State v. Kuhlman

729 N.W.2d 577 | Minn. | 2007

729 N.W.2d 577 (2007)

STATE of Minnesota, Appellant,
v.
Daniel Alan KUHLMAN, Respondent.

No. A06-568.

Supreme Court of Minnesota.

April 5, 2007.

*578 Lori Swanson, Attorney General, Saint Paul, MN, Mary Ellen Heng, Minneapolis, MN, for Appellant.

Howard I. Bass, Bass & Peck, PLLC, Burnsville, MN, for Respondent.

Faison T. Sessoms, Jr., Minnesota Association of Criminal Defense Lawyers, Minneapolis, MN, for Amicus Group.

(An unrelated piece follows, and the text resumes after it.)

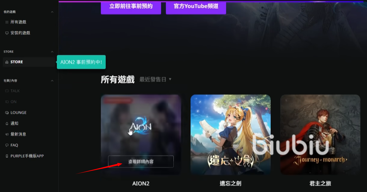 如果还想要预下载的话,页面往下拉可以看到让你安装PURPLE(也叫紫P),这就是永恒之塔2的官方游戏平台,我们下载安装之后,在里面可以看到永恒之塔2这个游戏,点进去就可以下载了。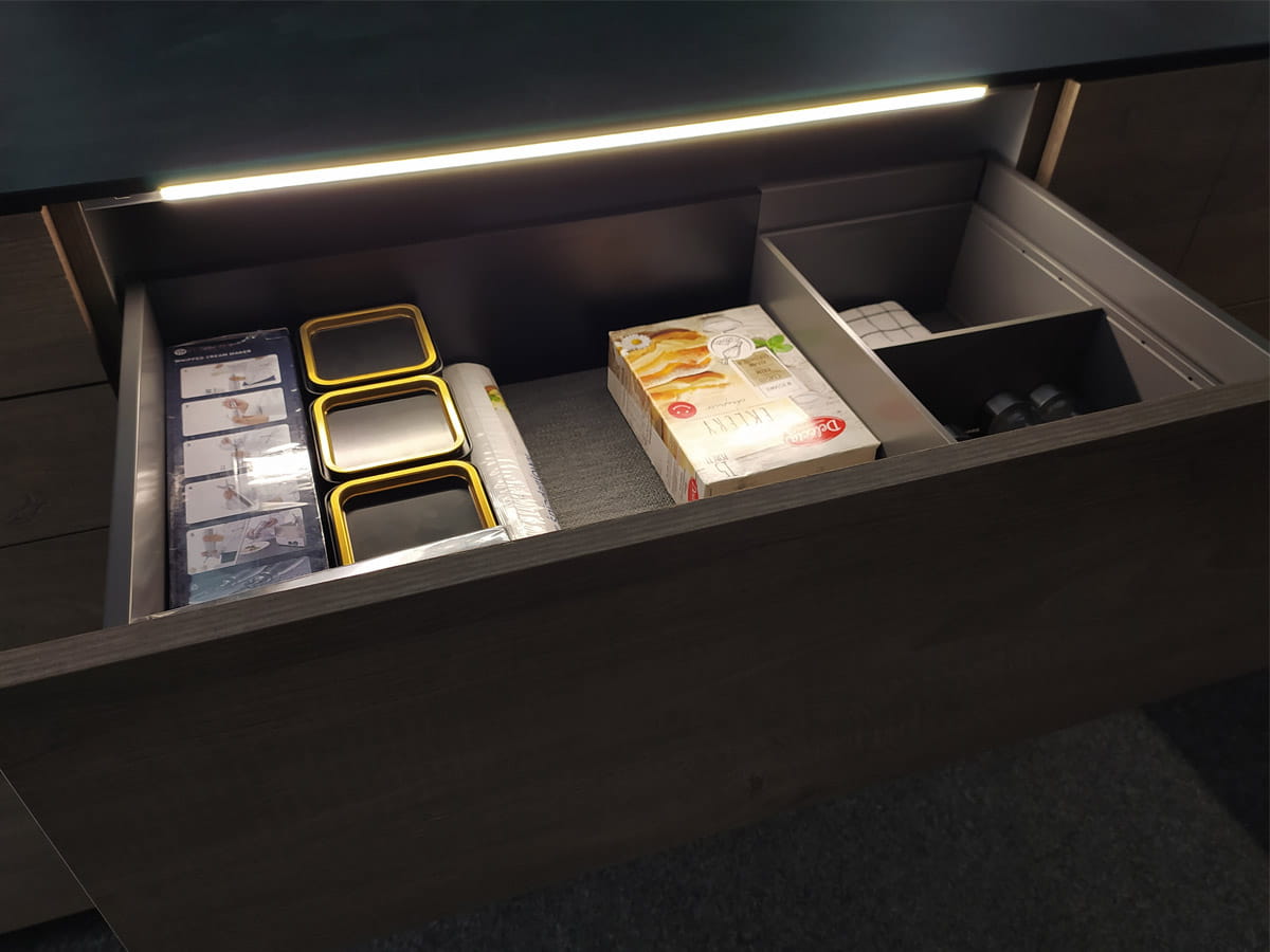 Polarus to nowoczesna oprawa LED o mocy 7W i długości 764 mm do szuflad, wyposażona w inteligentny wyłącznik zbliżeniowy, który włączy oświetlenie po otwarciu szuflady i wyłączy zaraz po jej zamknięciu. Oprawa uzbrojona jest w wydajne diody typu 2835 klasy Premium, które zapewniają idealne oświetlenie szuflad zarówno płytkich, jak i głębokich przy pełnym wysuwie.

Heard, considered, and decided by the court en banc.

OPINION

HANSON, Justice.

In September 2004, the Minneapolis City Council enacted Minneapolis Code of Ordinances sections 474.620 to 474.670, which authorized photo enforcement of traffic control signals. The Minneapolis police began enforcing the new ordinance in July 2005, and on August 11, 2005, one of the cameras photographed a car as it failed to stop at a red light at the intersection of West Broadway Avenue and Lyndale *579 Avenue North. The Minneapolis Police Department mailed a citation to the registered owner of the car, respondent Daniel Alan Kuhlman, for violating the ordinance. Kuhlman challenged the ordinance, arguing that it conflicted with state law and violated the due process rights of registered owners. The district court granted Kuhlman's motion to dismiss without reaching the constitutional issues, holding that the ordinance conflicted with state law. The court of appeals affirmed the dismissal. State v. Kuhlman, 722 N.W.2d 1, 2 (Minn.App.2006). We affirm.

Ordinance section 474.640 penalizes an owner of a motor vehicle whose car is photographed running a red light: "If a motor vehicle is operated in violation of section 474.630 [running a red light] and the violation is detected by a recorded image taken by an automated traffic law enforcement system, the owner of the vehicle or the lessee of the vehicle is guilty of a petty misdemeanor." Minneapolis, Minn., Code art. 1, § 474.640 (2004) (emphasis added). The ordinance further provides, in section 474.660 entitled "Evidence," that

(a) In the prosecution of a violation, as set forth by section 474.640, captured by an automated traffic law enforcement system, prima facie evidence that the vehicle described in the citation was operated in violation of this section, together with proof that the defendant was at the time of such violation the owner or lessee of the vehicle, shall constitute in evidence a rebuttable presumption that such owner or lessee was the person who committed the violation. The presumption shall be rebutted if the owner or lessee:
(1) Provides a sworn affidavit delivered by United States mail to the city or agency that he or she was not the owner or lessee of the vehicle at the time of the alleged violation and provides the name and current address of the person operating the motor vehicle at the time of the violation; or
(2) Submits a copy of a police report showing the vehicle had been reported as stolen in a timely manner before the date of the violation.
(b) If the city or agency finds that the person named in the citation was not operating the vehicle at the time of the violation or receives evidence under paragraph (a)(1) of this section identifying the person driving the vehicle at the time of the violation, the city or agency shall issue a citation to the identified driver through the United State mail, no later than fourteen (14) days after receipt of this information.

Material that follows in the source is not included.